Starmer contre Starmer : Pourquoi l'ancien avocat des droits de l'homme hésite-t-il autant à défendre les droits de l'homme ?

Starmer contre Starmer : Pourquoi l'ancien avocat des droits de l'homme hésite-t-il autant à défendre les droits de l'homme ?

Le système mondial des droits humains – les lois, normes et mécanismes conçus pour protéger les individus contre les abus des gouvernements – est aujourd'hui plus menacé qu'à aucun moment depuis 1945. Heureusement, le Royaume-Uni dispose désormais d'un Premier ministre exceptionnellement qualifié pour relever ce défi. Keir Starmer est un avocat et procureur respecté spécialisé dans les droits humains, avec trois décennies d'expérience et un engagement personnel contre les injustices. Il possède une connaissance encyclopédique du droit des droits humains – il a littéralement écrit le livre de référence sur les droits humains en Europe – et a travaillé à tous les niveaux du système judiciaire. (Il est le seul Premier ministre britannique, et probablement le seul dirigeant mondial, à avoir plaidé une affaire de génocide – représentant la Croatie contre la Serbie en 2014 devant la Cour internationale de Justice.) Son passage comme Directeur des poursuites pénales lui a également donné une compréhension rare du fonctionnement concret du gouvernement.

Mais il y a un problème : une autre figure puissante que les critiques accusent de saper les droits humains. Cette personne flatte les dirigeants autoritaires à l'étranger, affaiblit les protections pour les groupes vulnérables au Royaume-Uni, assimile les manifestations pacifiques à du terrorisme, et fait pression sur les festivals pour exclure des artistes dont il désapprouve les opinions. Il attaque parfois les tribunaux dont l'indépendance est cruciale pour les droits humains, tout en évitant de prendre des positions claires sur des questions vitales à travers des arguties juridiques. Même certains de ses soutiens admettent qu'il s'agit d'un opportuniste impitoyable prêt à abandonner ses principes pour un gain politique.

Cette personne est aussi Keir Starmer.

Depuis l'arrivée au pouvoir des travaillistes en 2024, beaucoup a été écrit sur leurs faux pas.
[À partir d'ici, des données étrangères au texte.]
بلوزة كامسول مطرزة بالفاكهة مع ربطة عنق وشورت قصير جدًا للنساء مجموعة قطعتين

Mais une question m'a particulièrement frappé : pourquoi leur bilan en matière de droits humains – le domaine où le gouvernement Starmer devrait être le plus solide – est-il si incohérent ? Pendant six mois, j'ai interrogé des proches du Parti travailliste, d'anciens collègues juridiques de Starmer et des experts en droits humains pour comprendre comment l'avocat influence le Premier ministre.

Certains voient des progrès après les années chaotiques de Johnson, Truss et Sunak. "Stabiliser l'engagement britannique envers le droit alors que la tendance mondiale est au recul est une réalisation majeure", estime Conor Gearty, professeur de droits humains à la LSE qui connaît bien Starmer. Philippe Sands, avocat et critique virulent de la guerre en Irak, note que le Royaume-Uni reconstruit lentement la crédibilité perdue il y a 20 ans : "Lors des réunions à l'ONU et au Conseil de l'Europe, la Grande-Bretagne est à nouveau prise au sérieux sur les droits humains." Sands salue la poussée des travaillistes pour un tribunal sur les crimes de guerre russes malgré les hésitations américaines – des efforts que lui et Gearty attribuent en partie aux compétences de Starmer en gestion de crise. "Les avocats prospèrent dans le chaos", remarque un avocat chevronné ayant travaillé avec lui.
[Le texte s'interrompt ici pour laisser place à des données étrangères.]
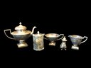 Teapot, sugar, creamer, cigarette box, pepper shaker
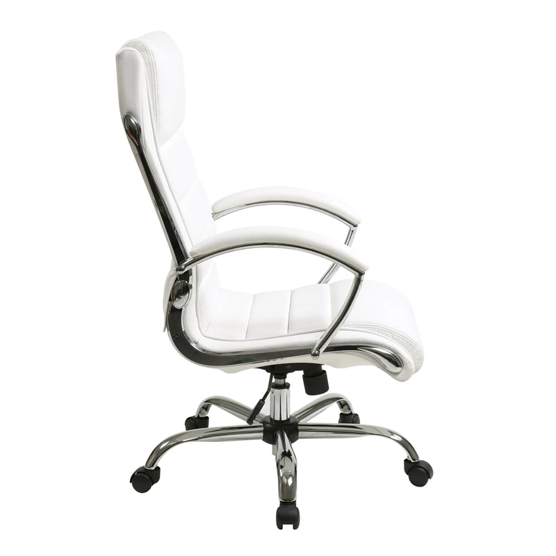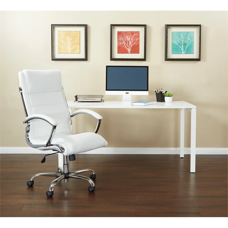 Executive Chair with Thick Padded White Faux Leather Seat and Back with Built-in Lumbar Support The Executive Chair’s alluring sleek design inspires your creative side without sacrificing ultimate productivity. Indulge in the comforts of the cushioned headrest, contoured lumbar support, and a smooth tilting mechanism. With incredibly soft faux leather in either Black, Red, White, or Cream complemented with chrome accents, the perfect companion to any workday.

D'autres sont moins impressionnés. Avant les élections, Starmer avait assuré à des militants iraniens que les droits humains seraient au cœur de son gouvernement. "C'est le plus gros..." [texte coupé]
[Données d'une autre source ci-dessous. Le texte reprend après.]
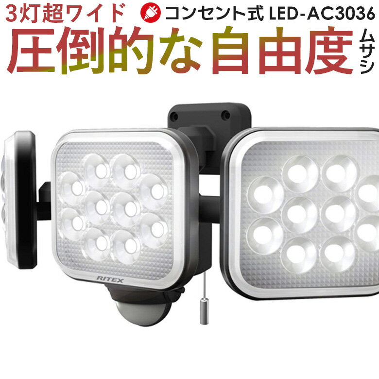 おすすめ人感センサーライト.2 ムサシ RITEX フリーアーム式LEDセンサーライト(12W×3灯) LED-AC3036

Keir Starmer a contesté avec succès les "control orders" (restrictions imposées aux suspects de terrorisme sous Tony Blair) appliquées à deux hommes. Les deux affaires ont été gagnées sur des arguments de droits humains.

Si on ne peut pas juger les opinions politiques d'un avocat à travers ses dossiers – les avocats devant accepter les clients selon le principe du premier arrivé, premier servi – leurs spécialisations juridiques choisies révèlent leurs centres d'intérêt. Starmer s'est clairement concentré sur la protection des individus contre les abus de l'État et des institutions puissantes. Un exemple notable est son travail pro bono de longue date pour les militants "McLibel", des écologistes poursuivis par McDonald's. Cependant, sa perspective politique a évolué avec le temps.

Au début des années 2000, Starmer a conseillé le Conseil de police d'Irlande du Nord sur l'alignement du nouveau Service de police d'Irlande du Nord (PSNI) avec les standards des droits humains après l'Accord du Vendredi Saint. Cela marqua un tournant dans sa vision de l'État – plutôt que de le voir uniquement comme un défenseur des privilèges (comme le ferait un gauchiste), il commença à croire que les avocats des droits humains pouvaient être plus efficaces en travaillant au sein du système. En veillant à ce que les institutions étatiques respectent les principes des droits humains, il estimait qu'elles pourraient fonctionner plus équitablement.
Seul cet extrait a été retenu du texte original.